The neuroscientist Andrew B. Newberg has claimed that "intensely focused spiritual contemplation triggers an alteration in the activity of the brain that leads one to perceive transcendent religious experiences as solid, tangible reality. In other words, the sensation that Buddhists call oneness with the universe." The orientation area requires sensory input to do its calculus. "If you block sensory inputs to this region, as you do during the intense concentration of meditation, you prevent the brain from forming the distinction between self and not-self," says Newberg. With no information from the senses arriving, the left orientation area cannot find any boundary between the self and the world. As a result, the brain seems to have no choice but "to perceive the self as endless and intimately interwoven with everyone and everything." "The right orientation area, equally bereft of sensory data, defaults to a feeling of infinite space. The meditators feel that they have touched infinity." Still, it has also been argued "that neurotheology should be conceived and practiced within a theological framework."

==Experimental work==
In 1969, British biologist Alister Hardy founded a Religious Experience Research Centre (RERC) at Oxford after retiring from his post as Linacre Professor of Zoology. Citing William James's The Varieties of Religious Experience (1902), he set out to collect first-hand accounts of numinous experiences. He was awarded the Templeton Prize before his death in 1985. His successor David Hay suggested in God's Biologist: A Life of Alister Hardy (2011) that the RERC later dispersed as investigators turned to newer techniques of scientific investigation.

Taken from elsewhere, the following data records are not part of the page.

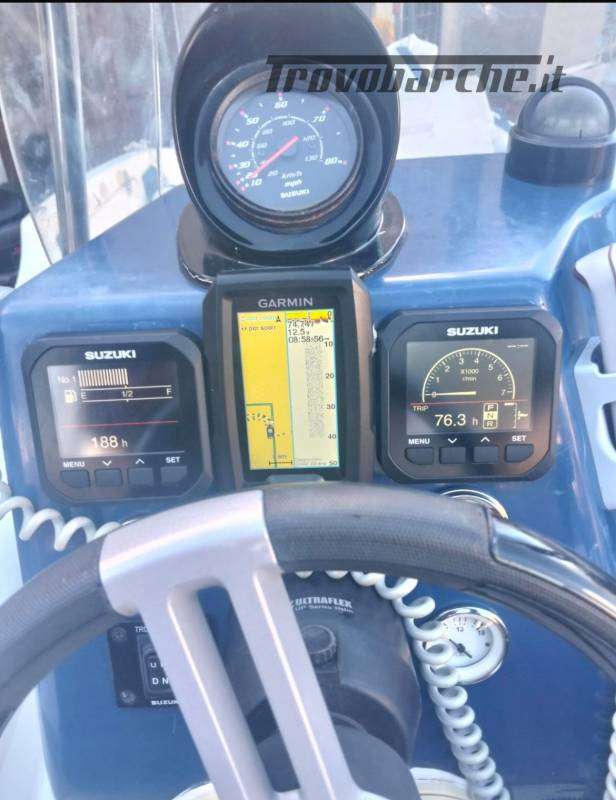L’imbarcazione è motorizzata con un potente e affidabile Suzuki DF 200 A fuoribordo a benzina, anno 2017, con circa 188 ore di moto, sempre mantenuto con cura e sottoposto all’ultima revisione completa nel 2023, comprensiva di cambio olio, filtri, girante e controlli generali. Le prestazioni sono di assoluto livello: velocità massima di circa 33/35 nodi e una velocità di crociera ideale intorno ai 22 nodi, che permette di navigare in modo confortevole e con consumi equilibrati. Il serbatoio carburante da 150 litri e quello dell’acqua dolce da 50 litri garantiscono un’ottima autonomia per lunghe giornate in mare.
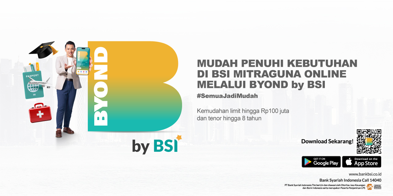 | 7. | Bagaimana cara pengajuannya? | Bila sudah mempunyai Byond By BSI, nasabah dapat meng-klik menu pembiayaan. Bila belum mempunyai Aplikasi Byond by BSI , nasabah bisa unduh dari Google Playstore atau App Store, kemudian lakukan aktivasi Byond by BSI, dan klik menu pembiayaan. Selanjutnya, nasabah tinggal mengikuti langkah-langkah didalam layanan mitraguna online |
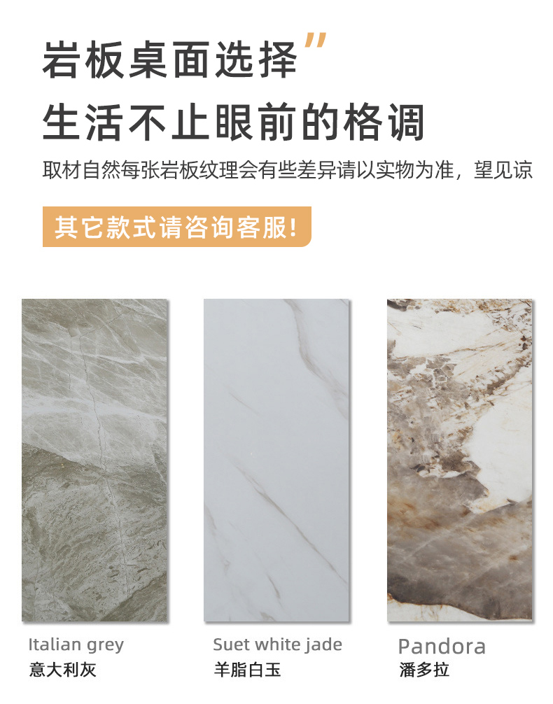 B系优选 现代简约 碳素钢五金脚+12mm岩板面 1.4米餐桌(包含底板)¥2330
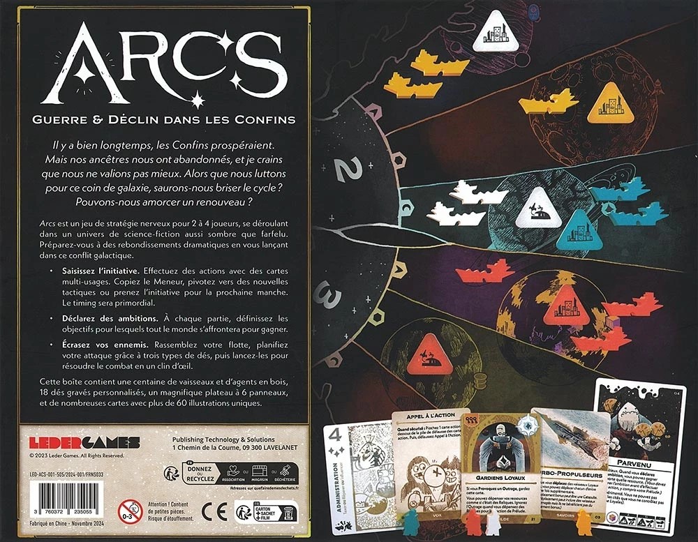 Arcs est un jeu de stratégie de science-fiction, qui se déroule dans un univers sombre et loufoque. Les joueurs incarnent des dirigeants d’un empire lointain, en déclin et négligent, désormais libres de lutter pour la domination, que ce soit par la bataille, la collecte de ressources rares ou l’intrigue diplomatique. Préparez-vous à des rebondissements dramatiques lorsque vous vous lancerez dans cette lutte galactique.
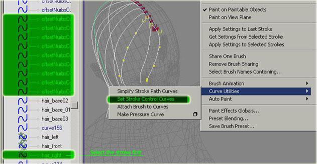 現在在 outliner 中再次選擇 hair_side_stroke01 ,并通過 shift 同時選中所有位于頭部一側的 hair_control_curve (左側或右側),執行 paint effects->curve utilities->set stroke control curves ,打開 hair_side_brush 屬性面板, tubes/behavior/forces 中,將 curvefollow 設為 1 ,這樣可使頭發沿 hair_control_curve 生長。進入 hair_side_stroke01 ,將顯示質量設為 10 左右(加速顯示更新速度)。

===Magnetic stimulation studies===
During the 1980s, Michael Persinger stimulated the temporal lobes of human subjects with a weak magnetic field using an apparatus that popularly became known as the "God helmet" and reported that many of his subjects claimed to experience a "sensed presence" during stimulation. This work has been criticised,
 though some researchers have published a replication of one God Helmet experiment.

Granqvist et al. claimed that Persinger's work was not double-blind, and failed to replicate Persinger's experiments double-blinded. They concluded that the magnetic field had no effect on any religious or spiritual experience reported by the participants, but was predicted entirely by their suggestibility and personality traits. Following the publication of this study, Persinger et al. dispute this. One published attempt to create a "haunted room" using environmental "complex" electromagnetic fields based on Persinger's theoretical and experimental work did not produce the sensation of a "sensed presence" and found that reports of unusual experiences were uncorrelated with the presence or absence of these fields. As in the study by Granqvist et al., reports of unusual experiences were instead predicted by the personality characteristics and suggestibility of participants. One experiment with a commercial version of the God helmet found no difference in response to graphic images whether the device was on or off.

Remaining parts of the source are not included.